The centre of the Milky Way provides a whole assortment of stunning nebulae and star clusters to observe. Lying along the tail of the Scorpion is NGC 6231, a bright cluster of stars which looks like a small comet. Estimated to be only 3.2 million years old and nearly 6,000 light-years away, if the cluster were placed at the same distance as the Pleiades then some of its stars would be amongst the brightest in the night time sky. About halfway between the Scorpion's sting and the spout of the Teapot is M7. This is an open cluster of stars easily visible to the naked eye, and a lovely sight through a good pair of binoculars. Nearby and somewhat fainter, M6, the Butterfly cluster, is also well worth a look in binoculars. To the left of the Teapot's spout, and just about visible to the naked eye, is the Lagoon Nebula, or M8. This is a huge cloud of interstellar gas and dust where new stars are being formed, and where their ultraviolet radiation causes leftover hydrogen gas to glow. Along with the nearby Trifid Nebula (M20), the Lagoon Nebula is a good target for binoculars or a small telescope. The Trifid nebula combines emission and reflection nebulae with an open cluster of stars. This part of the sky also contains a number of globular clusters, each hosting hundreds of thousands of ancient stars that date back more than 12 billion years. Over 150 globular clusters are found in the halo of the Milky Way, and their distribution provided early evidence of the scale of the Milky Way and our position within it. The brightest globular cluster is M4, and this is also one of the easiest to find as it lies just 1.3° west of Antares. Appearing as a small fuzzy ball in binoculars and small telescope, a slightly larger telescope will begin to pick out individual stars. Also in this region, near the top of the Teapot, is M22, one of the closest globular clusters to us at distance of around 10,000 light-years.
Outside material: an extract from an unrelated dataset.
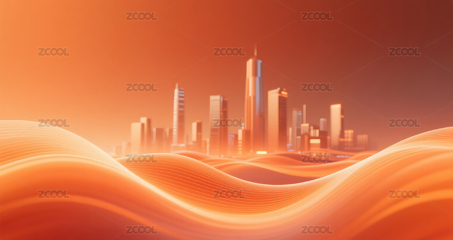 橙金色绸缎布料城市建筑天际线商务庆典背景

From its bright centre in Sagittarius, the Milky Way stretches out from east to west in the early evening. Along its path are found the majority of the bright stars in our night-time sky. In the north, just to the left of the Milky Way, is the bright star Vega, which forms part of the constellation of Lyra the Lyre. Opposite, in the southern sky, the second brightest night-time star, Canopus, can be found in the constellation of Carina. To Māori in Aotearoa (New Zealand), this star is Atutahi or Ao-tahi, which means 'to stand alone'. Running back along the Milky Way towards Scorpius, we pass the False and Diamond Crosses before arriving at Crux, the Southern Cross. The smallest of the 88 official constellations, it has the appearance of a diamond shape of four bright stars along with a fifth fainter star. It is known to Māori as Te Punga, the anchor of Tama-reriti's Waka. Alpha Crucis appears to the unaided eye as a single star of magnitude 0.9, but small telescopes reveal it to be a double star with blue-white components of magnitudes 1.4 and 1.9. Nearby is NGC 4755, an open cluster of stars also known the Jewel Box. It is rich and bright with stars, showing delicate colours accentuated by an orange-red supergiant. It can easily be seen with the naked eye, but binoculars and telescopes reveal much more detail. Just to one side is a dark patch known as the Coalsack Nebula. This is a cloud of interstellar dust and gas that obscures the light from more distant stars, appearing as a darkened area against the bright backdrop of the Milky Way. To Māori it is known as Te Pātiki or the Flounder. East of Crux are the two bright pointer stars, Alpha and Beta Centauri, marking the front hooves of Centaurus the Centaur. The brightness and number of stars rapidly drops off when we look away from the path of the Milky Way, and after sunset the constellations of Virgo and Corvus can be seen to its west.

The Planets

Odds and Ends

NASA has announced that astronomers using data from the Cassini Space craft have identified 101 distinct geysers erupting on Saturn's sixth largest moon Enceladus. Astronomers also now believe that the water in these geysers is erupting water vapour from the liquid water ocean underneath Enceladus's icy crust rather than ice vapourised by frictional heating on the moons surface. The NASA article can be found here.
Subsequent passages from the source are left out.